正则表达式捕获子字符串1。，试着改变它:

text = 'This is the part (a) of question number one. i. This is sub part one of part (a) question one ii. This is sub part two of part (a) question one iii. This is sub part three of part (a) question one'

for m in re.split(r' [MDCLXVI]+\. ', text, flags=re.IGNORECASE):
    print(m)

#2

That's not what I get. Check your first line again. I get

这不是我得到的。再检查一下你的第一行。我得到

This is the part (a) of question number

and that because your regex matches "one."

因为你的正则表达式匹配“1”

re.split(r'i+\. ',text)

works for me.

为我工作。

#3

If you want proper romanette numbers (roman numerals in lower case are often refer to as 'romanette'), they are easily generated. Mark Pilgrim has a variety of Roman Numeral utilities in the book Dive Into Python some of which can be seen here.
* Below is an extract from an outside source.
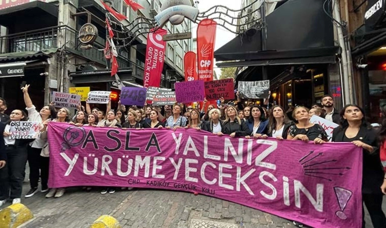 Kadın örgütleri, kadına yönelik şiddeti ve cezasızlığı protesto için Kadıköy Süreyya Operası önünde bir araya geldi. CHP Kadıköy İlçe Örgütü'nün de destek verdiği eylemde kadınlar, cinayete kurban giden kadınların fotoğraflarıyla birlikte "Kadınlar ölüyor iktidar susuyor", "Narinler okula, mezara değil", "AKP seyretme yasayı uygula", "Bir kişi daha eksilmeyeceğiz" sloganları atarak, Kadıköy İskele Meydanı'na doğru yürüyüşe geçti.

如果你想要适当的浪漫数字(小写的罗马数字通常被称为“罗曼语”)，它们很容易生成。Mark Pilgrim在书中有很多关于Python的罗马数字工具有些可以在这里看到。

The one that that generates man numerals:

产生人数的那个:

class RomanError(Exception): pass
class OutOfRangeError(RomanError): pass
class NotIntegerError(RomanError): pass
class InvalidRomanNumeralError(RomanError): pass

def toRoman(n):
    """convert integer to Roman numeral"""
    if not (0 < n < 5000):
        raise OutOfRangeError, "number out of range (must be 1..4999)"
    if int(n) != n:
        raise NotIntegerError, "decimals can not be converted"
    romanNumeralMap = (('M',  1000), ('CM', 900), ('D',  500), ('CD', 400), ('C',  100), ('XC', 90),
       ('L',  50), ('XL', 40), ('X',  10), ('IX', 9), ('V',  5), ('IV', 4), ('I',  1))
    result = ""
    for numeral, integer in romanNumeralMap:
        while n >= integer:
            result += numeral
            n -= integer
    return result

Test that:

测试:

>>> [toRoman(x) for x in range(1,21)]
['I', 'II', 'III', 'IV', 'V', 'VI', 'VII', 'VIII', 'IX', 'X', 'XI', 'XII', 'XIII', 'XIV', 'XV', 'XVI', 'XVII', 'XVIII', 'XIX', 'XX']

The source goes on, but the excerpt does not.